Repeat, exactly as written, the lines from the one with "15Selling my Summer" to the final line of the listing, and keep every picture out.

▶ _Data section_:
━━━━━━━━━━

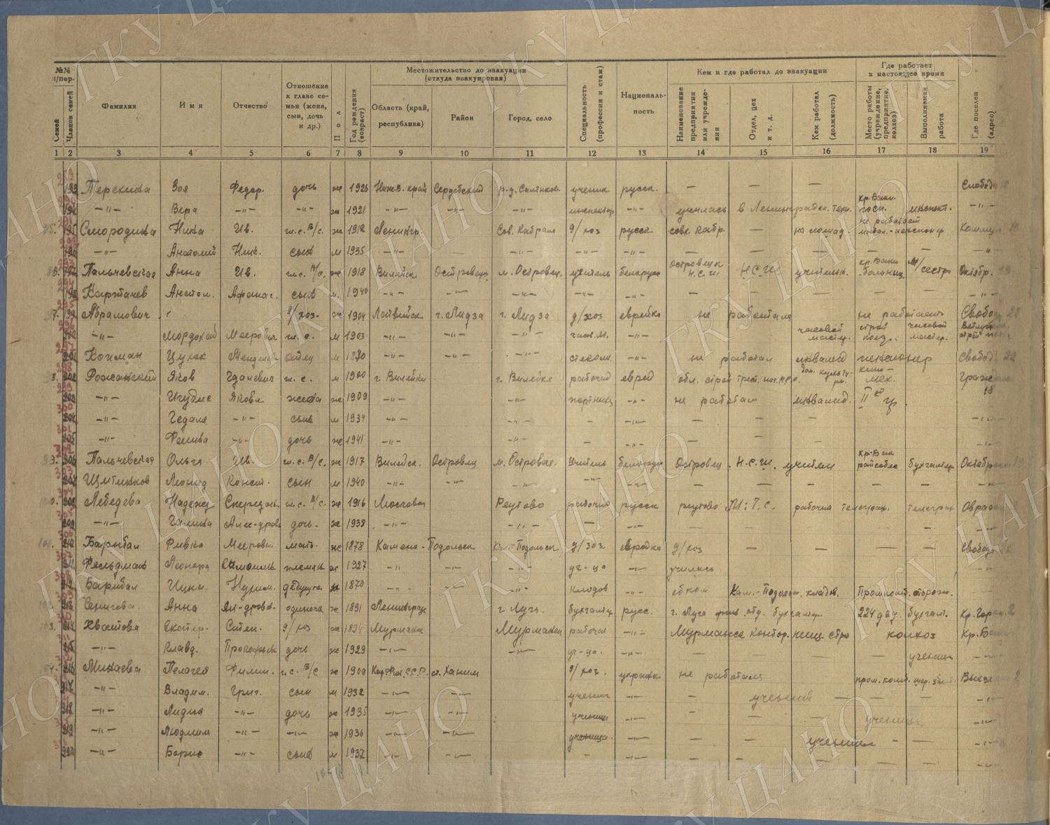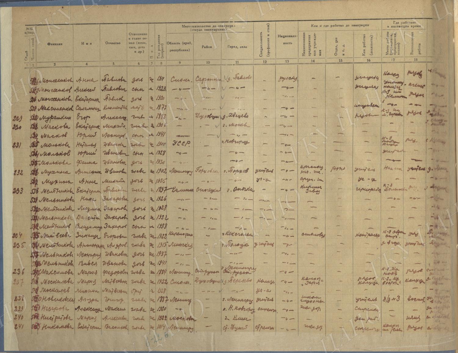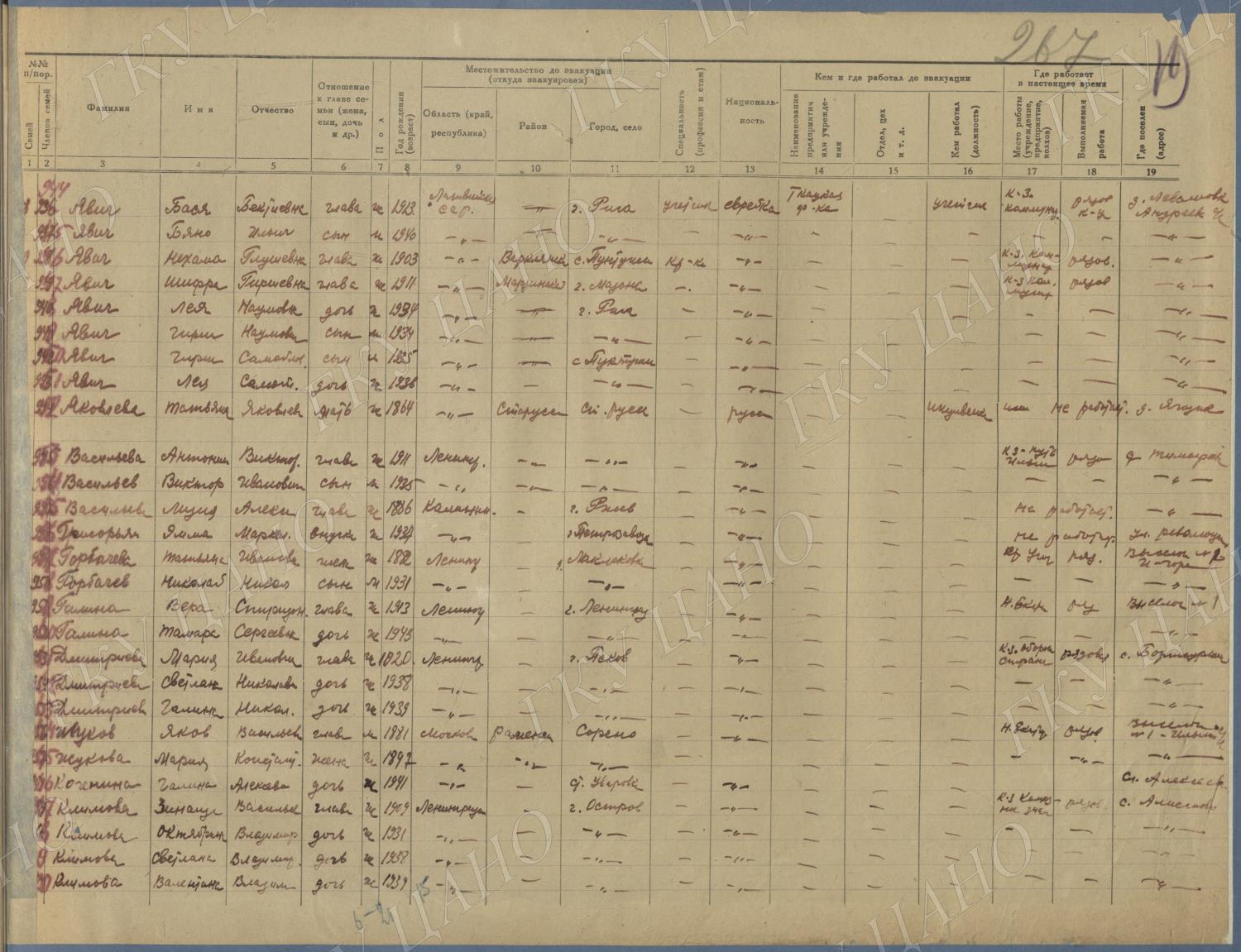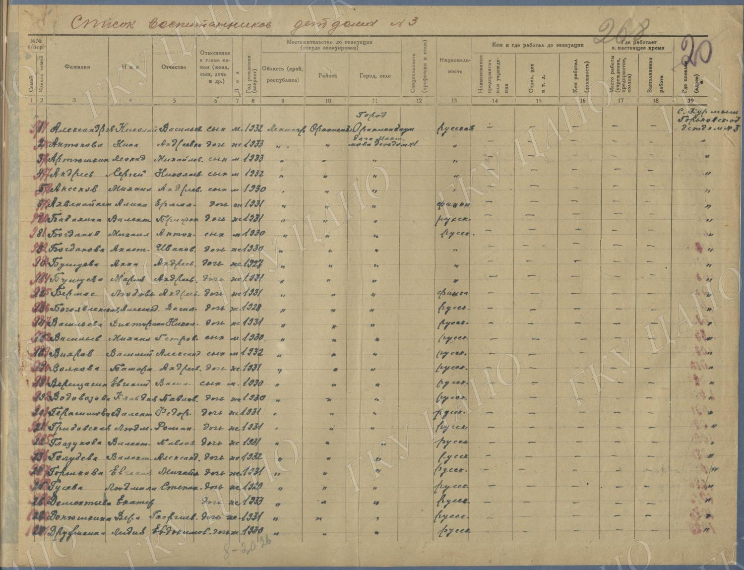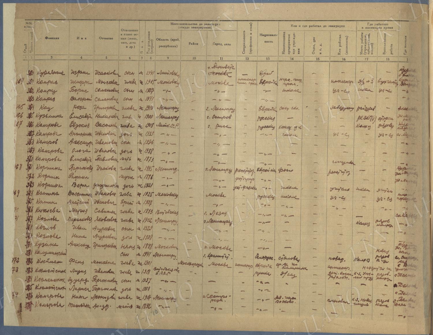 Ф. Р-5344. Оп. 1. Д. 81. Списки эвакуированных граждан, размещенных в городах и районах Горьковской области (районы на буквы «Г» — «К»). 15 июня — 6 августа 1943 г.
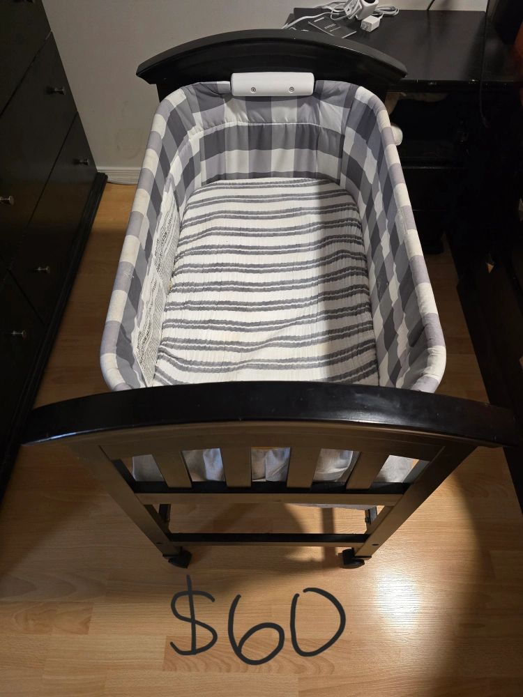 15Selling my Summer Infant Wood Frame Bassinet. It's in good condition and ready for a new home. Perfect for keeping your little one close by during those early months. Bassinet is on wheels, and the back wheels lock as well. Also has a snap on bottom shelf to hold diapers/etc, but I just have it removed right now. $60. Smoke free, pet friendly home.
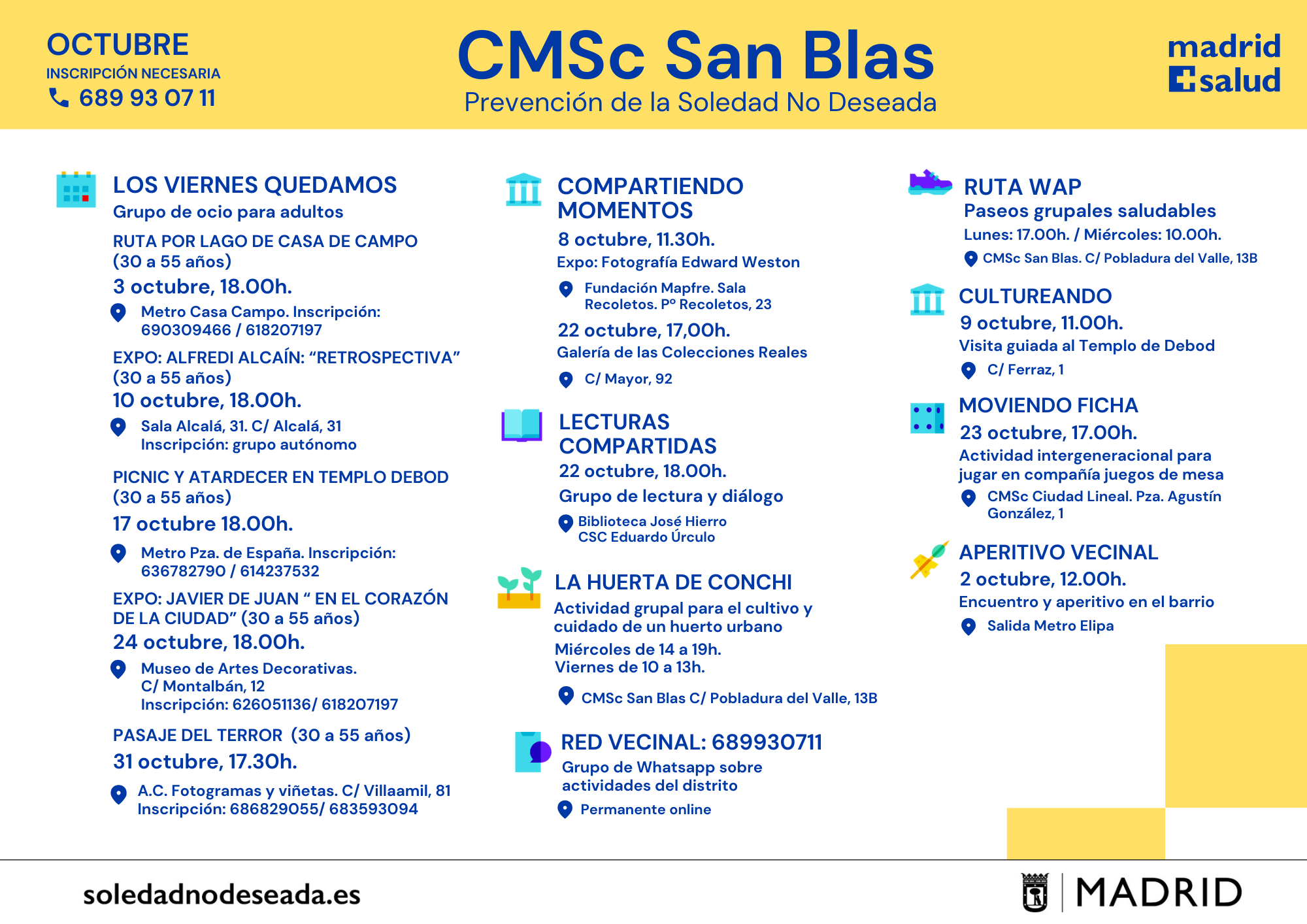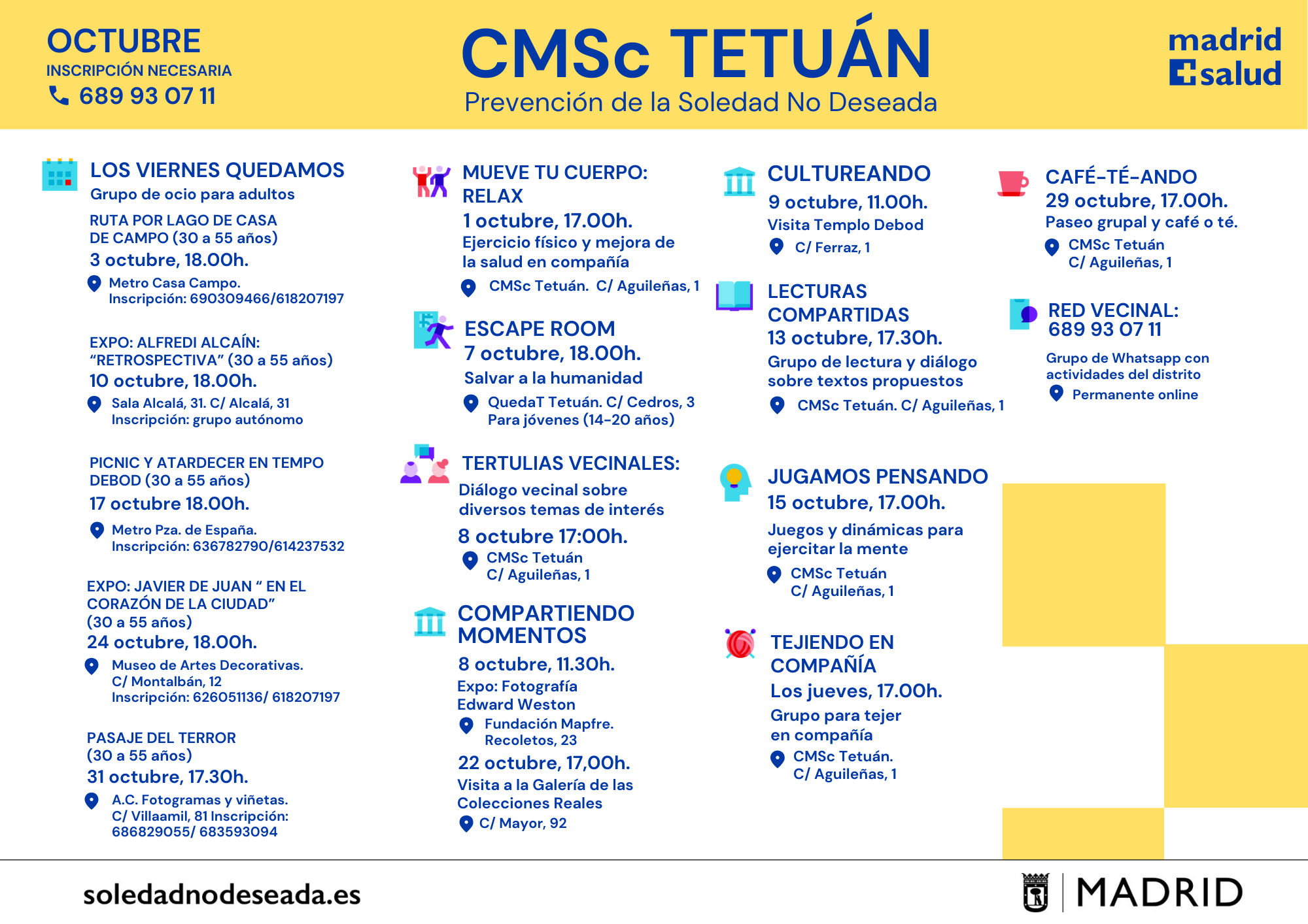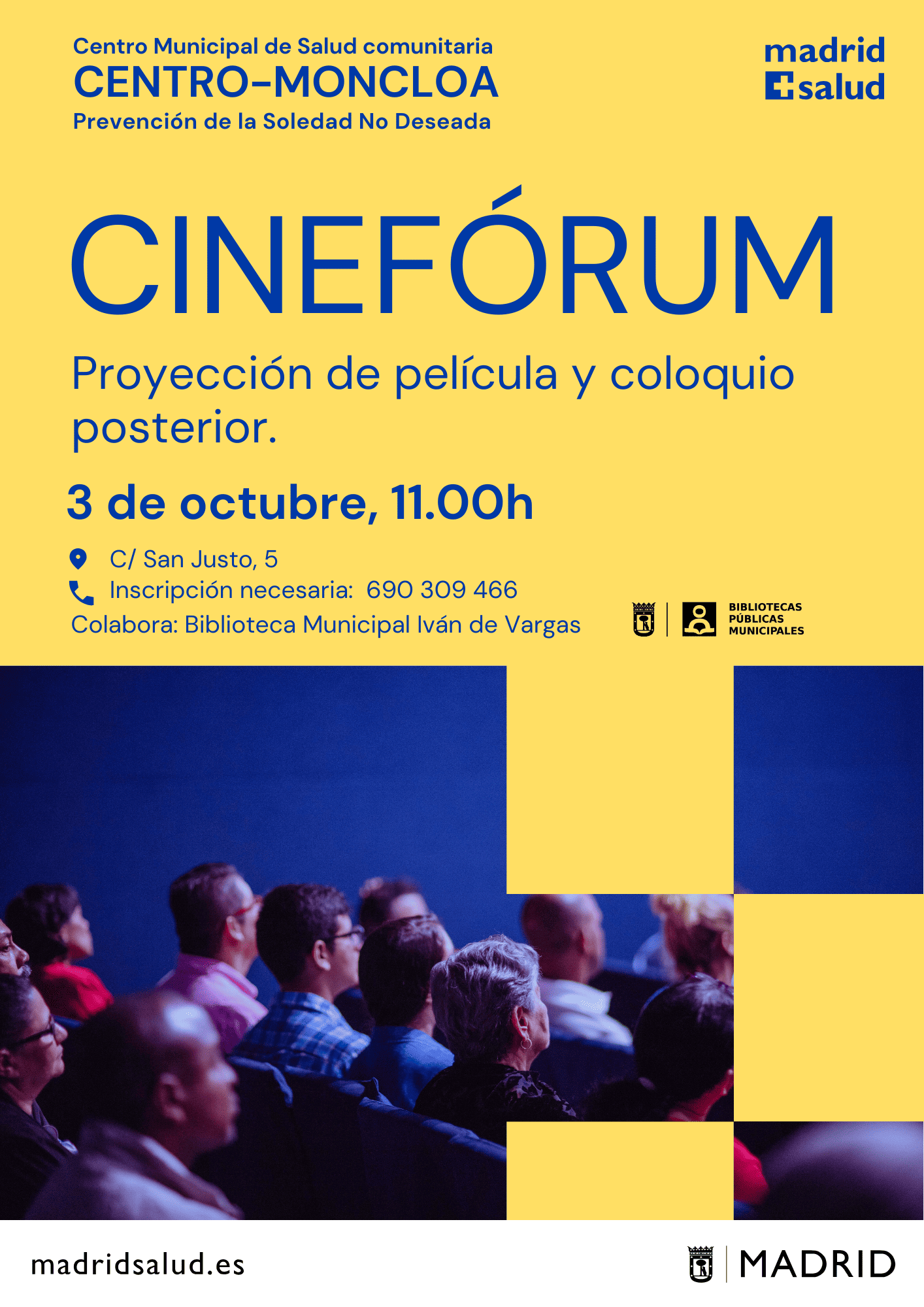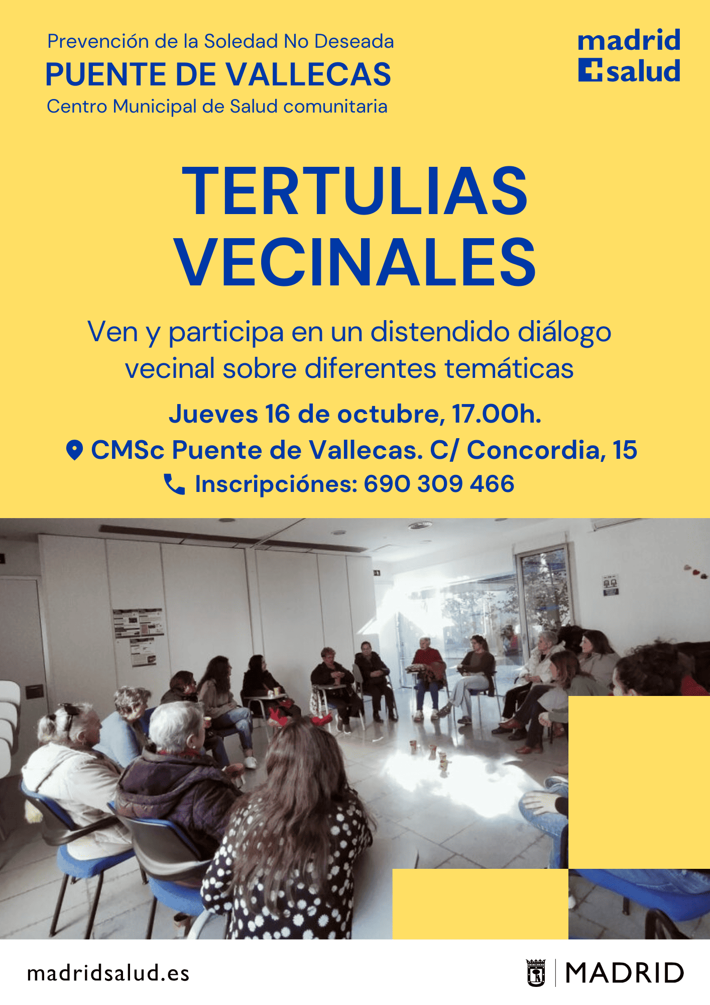 Actividades en los Centros Municipales de Salud comunitaria Arganzuela Carabanchel Carabanchel Centro Joven Centro-Moncloa Centro-Moncloa Chamartín Chamberí Ciudad Lineal Prevención Det. Cognitivo Fuencarral-El Pardo Fuencarral-El Pardo Fuencarral Especial Jóvenes Hortaleza Latina Puente Vallecas Puente Vallecas Salamanca-Retiro San Blas Tetuán Usera Vicálvaro-Moratalaz Vicálvaro-Moratalaz Villa de Vallecas Villaverde soledadnodeseada.es Todos los derechos reservados © 2021

━━━━━━━━━━

▶ _Exercise solution_:
 15Selling my Summer Infant Wood Frame Bassinet. It's in good condition and ready for a new home. Perfect for keeping your little one close by during those early months. Bassinet is on wheels, and the back wheels lock as well. Also has a snap on bottom shelf to hold diapers/etc, but I just have it removed right now. $60. Smoke free, pet friendly home.
 Actividades en los Centros Municipales de Salud comunitaria Arganzuela Carabanchel Carabanchel Centro Joven Centro-Moncloa Centro-Moncloa Chamartín Chamberí Ciudad Lineal Prevención Det. Cognitivo Fuencarral-El Pardo Fuencarral-El Pardo Fuencarral Especial Jóvenes Hortaleza Latina Puente Vallecas Puente Vallecas Salamanca-Retiro San Blas Tetuán Usera Vicálvaro-Moratalaz Vicálvaro-Moratalaz Villa de Vallecas Villaverde soledadnodeseada.es Todos los derechos reservados © 2021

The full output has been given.